If a guy has lost one nut. Do not read
who lost his sense of humor.
Suppose that a guy has lost one nut... What happens next with men of different countries?
American will write a book: "Life without nut: everything is just beginning", the book will
become a bestseller. For the royalties from the book he will transplant a donor's nut.
Later on he will accuse the doctors that the new nut is not in harmony with his hair cut and
that is causing him a serious mental damage. For money obtained by a court decision he will
go to the Las Vegas. In Las Vegas he will meet the former owner of his nut and now
spectacular blonde Danielle. In Las Vegas Danielle is spending money received from selling
his/her nuts. Since before the meeting they have already something in common then it's only
fitting that they should get married.
In a year the Hollywood will shoot a film about this ("Nutsless", are featured: Ben Affleck and
Cameron Diaz. Danny De Vito as the nut).
Chino will receive an award from the state for the combating fertility (bicycle). Immediately
after this he will also be fined for half solution. The second nut will be forcibly amputated.
The nuts will have been wrapped with gold foil, packed in a clay basket and sent to America
for sale under the guise of the Easter souvenir (9.95 dollars).
German will no longer be able to have a favorite food - fried hog's testicles. He more than
anyone else can sympathize unhappy animal. he will send five euros to the fund "For hogs
protection against the Culinary". He will stop watching favorite movie Rasputin. Meditating for
half an hour on the screen with swinging full scrotum would be above his forces.
Italian will be in the seventh heaven with joy. He now can become a great tenor.
If such cases would be few, Armani will launch a new collection of exclusive underwear with a
The French will have fifty-percent more free time after losing one nut. To spend this time
the right way and not to get out of bed, he would become bisexual.
Englishman will be an occasion to think about by long winter evenings beside the fireplace
with his favorite tea and pipe.
African will breathe freely. He had to cart the nut after the bite of the tsetse fly. He will
start to dream about the time when he loses the second one.
Chukchee will decide to go in for dancing seriously. According to proverb a bad dancer is at
odds with his nuts.
Jew will buy a bicycle without seating. After all now he can save!

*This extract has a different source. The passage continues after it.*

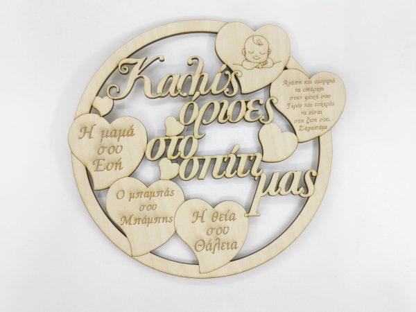 Ξύλινο αναμνηστικό γέννησης 25 εκ. κρεμαστό (στοιχεία επιθυμίας σας)
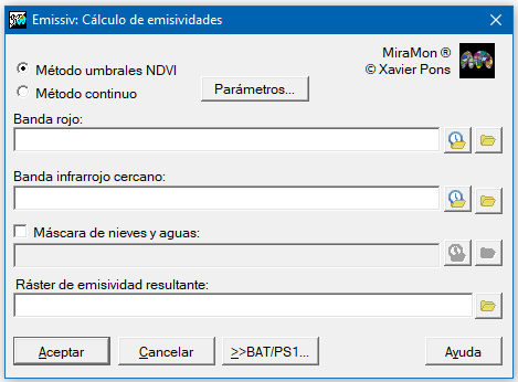 Esta opción calcula la emisividad mediante el método de umbrales NDVI (Sobrino 2000).

Ukrainian will lose sleep, every night he will be thinking about that every Muscovite has two
nuts, but he has only one. In this regard there will be the weekly debates in Verkhovna Rada
(Parliament) with turning to the U.S. State Department. U.S. State Department will say they
are sending rubber prosthesis. On this occasion there will be a two-weeks joy in the
Verkhovna Rada. In the end the U.S. State Department will not send the rubber prosthesis,
but no one would be longer interested in this after a convincing victory of the Ukrainian
diplomatics over the Muscovites.
Russian for a month will be drinking with grief. Then he will monthly celebrate with drinking
the day of the loss of the nut. Every anniversary will be celebrated with drinking bouts. In ten
years he will forget why he drinks, but still will not refuse the alcohol.